[Records from a data collection]
■ ■ ■ ■

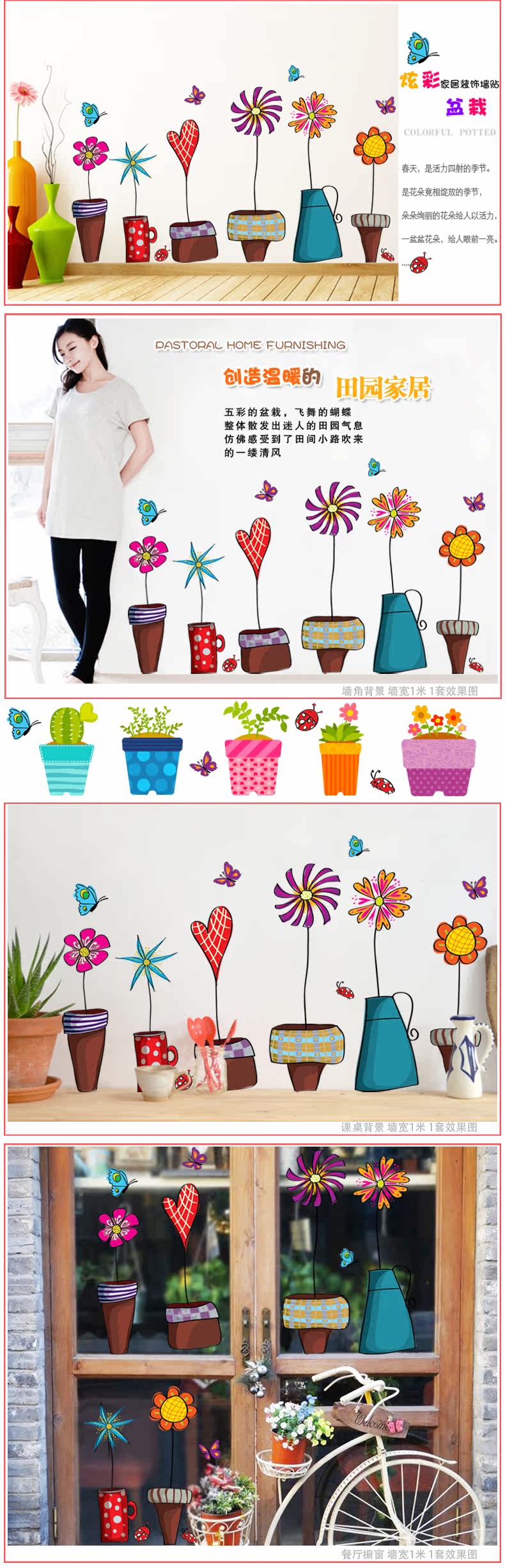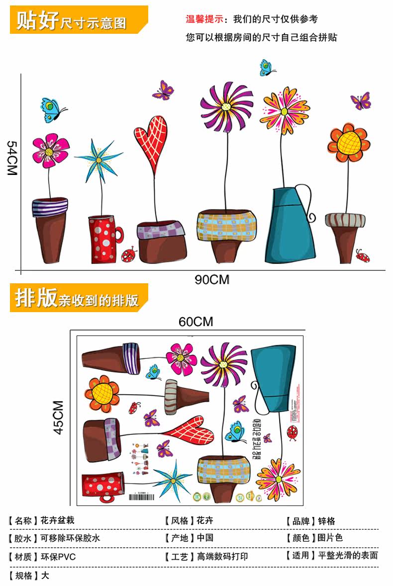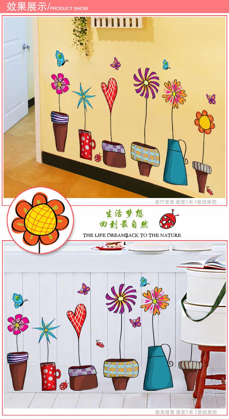 田园卡通花盆腰线贴家居装饰可移除墙贴客厅卧室儿童房背景墙贴纸
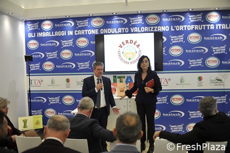 Ernesto Fornari e Alessandra Ravaioli durante la presentazione a Berlino, Fruit Logistica 2019
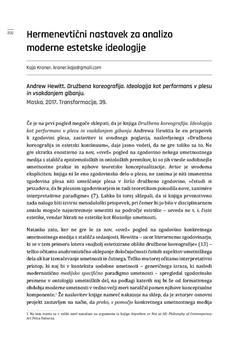 Kraner, Kaja (2018). Hermenevtični nastavek za analizo moderne estetske ideologije.
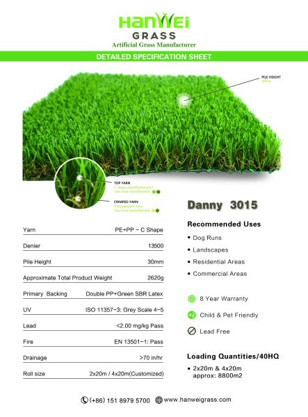 Spend more time in your yard with durable, maintenance-free Danny 3015 artificial grass.Danny 3015 with the pile height of 30mm. Plush and soft underfoot,Danny 3015is the perfect alternative to natural grass. Save money and time.Danny 3015 offers superior resilience and permeability, UV protection, and environmentally friendly construction.
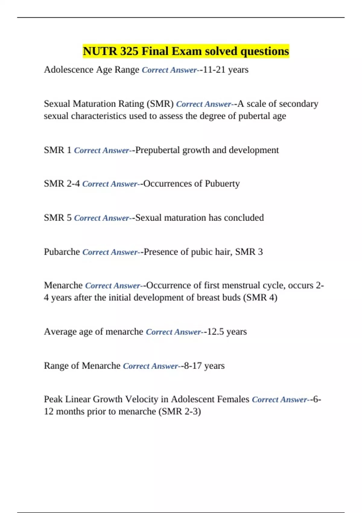 SMR 2-4 Correct Answer--Occurrences of Pubuerty
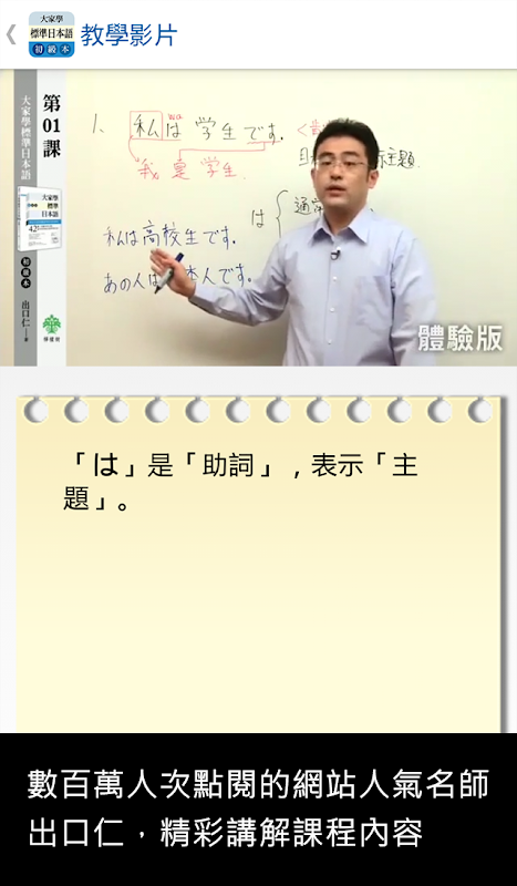 ※ In dit product is er ook een lesvideo van standaard Japans [primair boek] voor iedereen die standaard Japans [primair boek] leert door de heer Koujin, die rechtstreeks in deze app kan worden gekocht, en de prijs is NT $ 270. Als er een uitgebreide geheugenkaart in het apparaat is geïnstalleerd, kan deze worden ingesteld om de lesvideo naar het secundaire opslaggeheugen (SD-kaart) te downloaden.
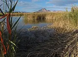 The Clark County Wetlands with Frenchman Mountain in the background.
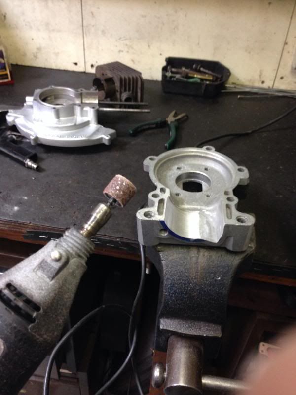 En helaas was het Pinasco zij inlaatje niet voor 80cc,dus dremelpower 8)
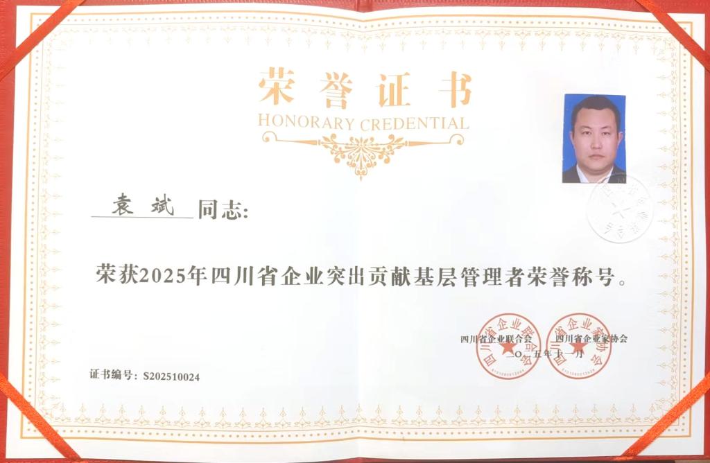 11月27日,川渝和谐企业基层组织建设管理创新经验交流大会在成都隆重召开。会上,四川省企业联合会、四川省企业家协会正式授予公司袁斌、李忠强两名基层员工“2025年四川省企业突出贡献基层管理者”荣誉称号。
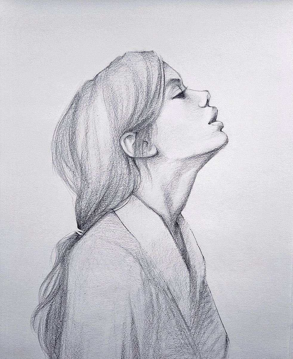 Портрет девушки в профиль карандашом
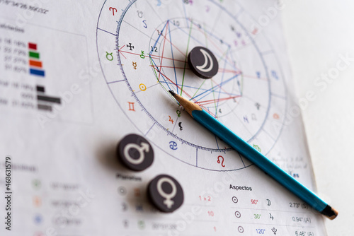 Primer plano de carta astral, símbolos astrológicos, Luna, Venus y Marte. Horóscopo y predicciones. Astrología. Sinastría y parejas.
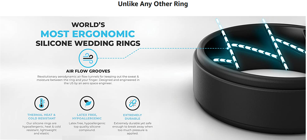• TOP GRADE, HYPOALLERGENIC, FLEXIBLE SILICONE – Durable, yet flexible. Designed to break away when too much pressure is applied. The flexibility of this ring makes it also perfect for those with large knuckles or temporary swollen fingers.
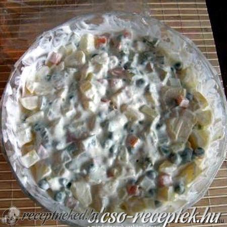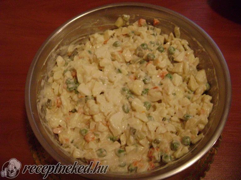 Kikavarjuk a mustárt az olajjal, beletesszük a zöldségeket és fűszerezzük.
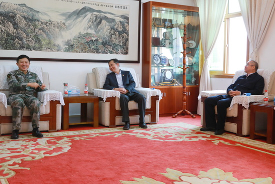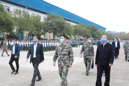 11月2日上午,九江军分区司令员丁庆顺来校看望正在军训的BB贝博艾弗森官方网站2021级新生,党委书记赵伟、校长陈小林热情接待了丁庆顺司令员一行。
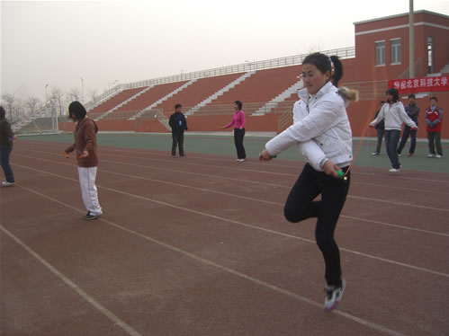 12月8日下午举行跳绳比赛,跳绳比赛由集体跳绳、双人跳绳、担任跳绳组成。集体跳绳比赛材料系以五分钟276个的成绩获第一名,管理系、经济系获二、三名;双人跳绳比赛管理系冯彬、黄歆哲获得第一名,成绩两分钟164个,管理系郭艳丽、熊锋铭获得第二名,材料系陈瑞、郑海峡获得第三名;单人跳绳比赛管理系冯彬荣获第一名,成绩每分钟112个,经济系蔺晖、安丽君分获二、三名。
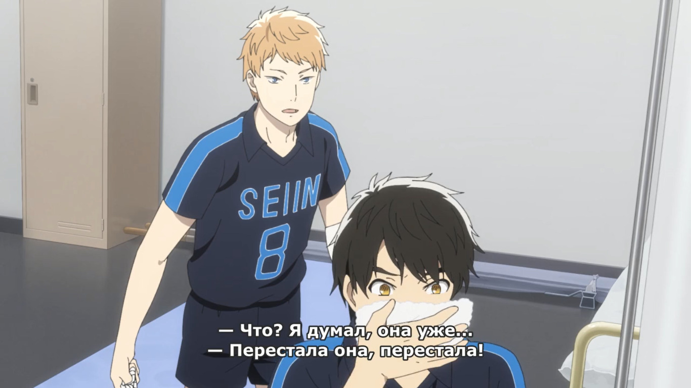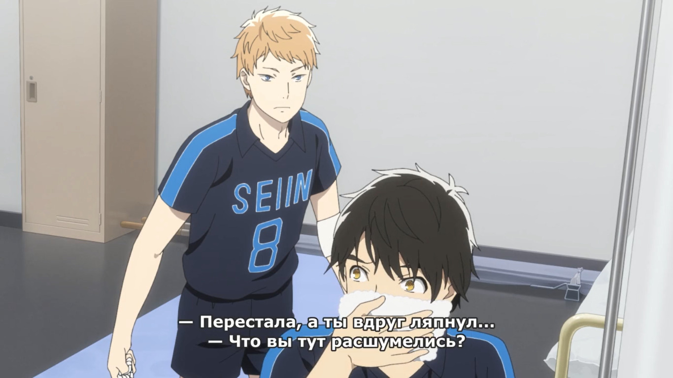Расписывать подробно не вижу смысла, ибо это споконовская чистейшая повседневка, очень такая суровая, неприятная и, пожалуй, с максимальным реализмом. Магию во время игры не добавляли, невероятные финты тоже не наблюдались, но и неинтересных матчей тоже не увидел. За первые 6 серий ни одного матча, к слову. Вторая половина уже пободрее шла, хотя матчи слишком быстро проходили и это один из главных недостатков. Автору поучится бы в экшеновой части у Haikyuu!!Волейбол!!, так как 90% аниме – сплошная болтовня, скучные угрюмые лица и бесконечные сомнения о предстоящих матчах, будущей жизни, командной работы и дружбе как таковой . Неопределённость – так бы я назвал основную направленность тайтла. Ещё раз, тайтл как спокон сам по себе не плох, но сценарий у него довольно упадническо–убогий, приятная картинка лишь слегка сглаживает. Я уже не говорю про второстепенных персонажей, которые так и остались не у дел, действующие лица для галочки, поддакивающие в нужный момент. Если вообще абстрагироваться от более успешных споконов, то данное произведение – это одна большая тренировка духа, тренировка в зале, тренировка своего я к взаимопониманию и взаимоотношениям с окружающими. Плохо ли это? Нет, но спорта за 12 серий не хватает и с этим ничего не поделать, увы. Наверно таким и должен быть самый приземлённый адекватный тайтл про спорт без кривляний и чудо энергий, но мы смотрим не фильм, а аниме, и здесь стандарты для заинтересованности несколько другие.
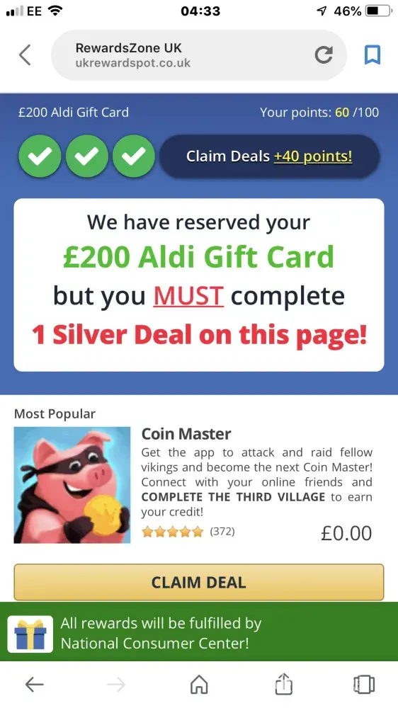 completing offers for reward
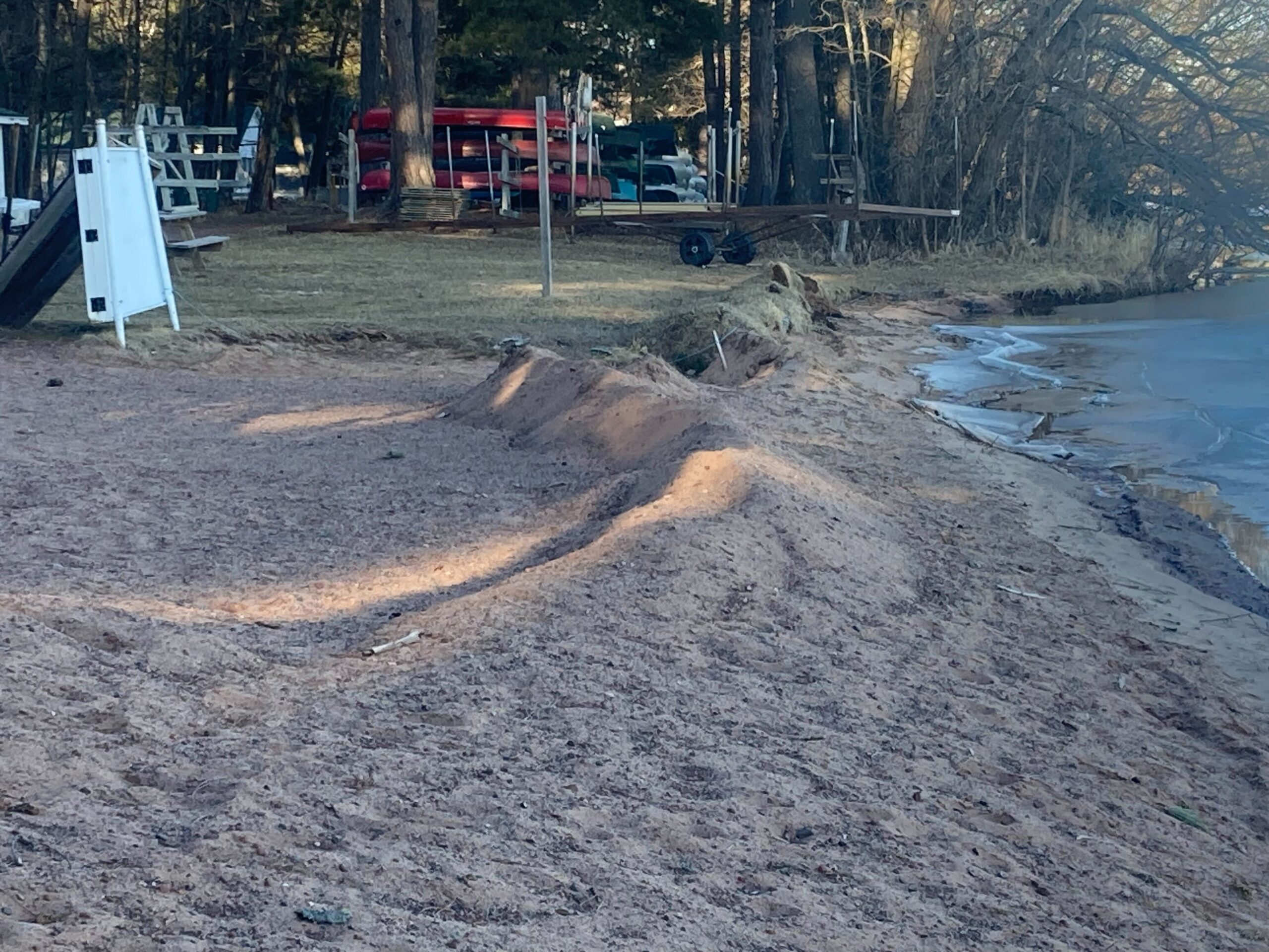 - Lake ice pushes sand up the shore and leaves it there as ice recedes

■ ■ ■ ■

Above are entries with pictures among them. Write out exactly the lines from the one containing "Портрет девушки в профиль карандашом" through the one containing "11月2日上午,九江军分区司", ends included, and leave those pictures out.

**Result of this exercise**:
 Портрет девушки в профиль карандашом
 Primer plano de carta astral, símbolos astrológicos, Luna, Venus y Marte. Horóscopo y predicciones. Astrología. Sinastría y parejas.
• TOP GRADE, HYPOALLERGENIC, FLEXIBLE SILICONE – Durable, yet flexible. Designed to break away when too much pressure is applied. The flexibility of this ring makes it also perfect for those with large knuckles or temporary swollen fingers.
 Kikavarjuk a mustárt az olajjal, beletesszük a zöldségeket és fűszerezzük.
 11月2日上午,九江军分区司令员丁庆顺来校看望正在军训的BB贝博艾弗森官方网站2021级新生,党委书记赵伟、校长陈小林热情接待了丁庆顺司令员一行。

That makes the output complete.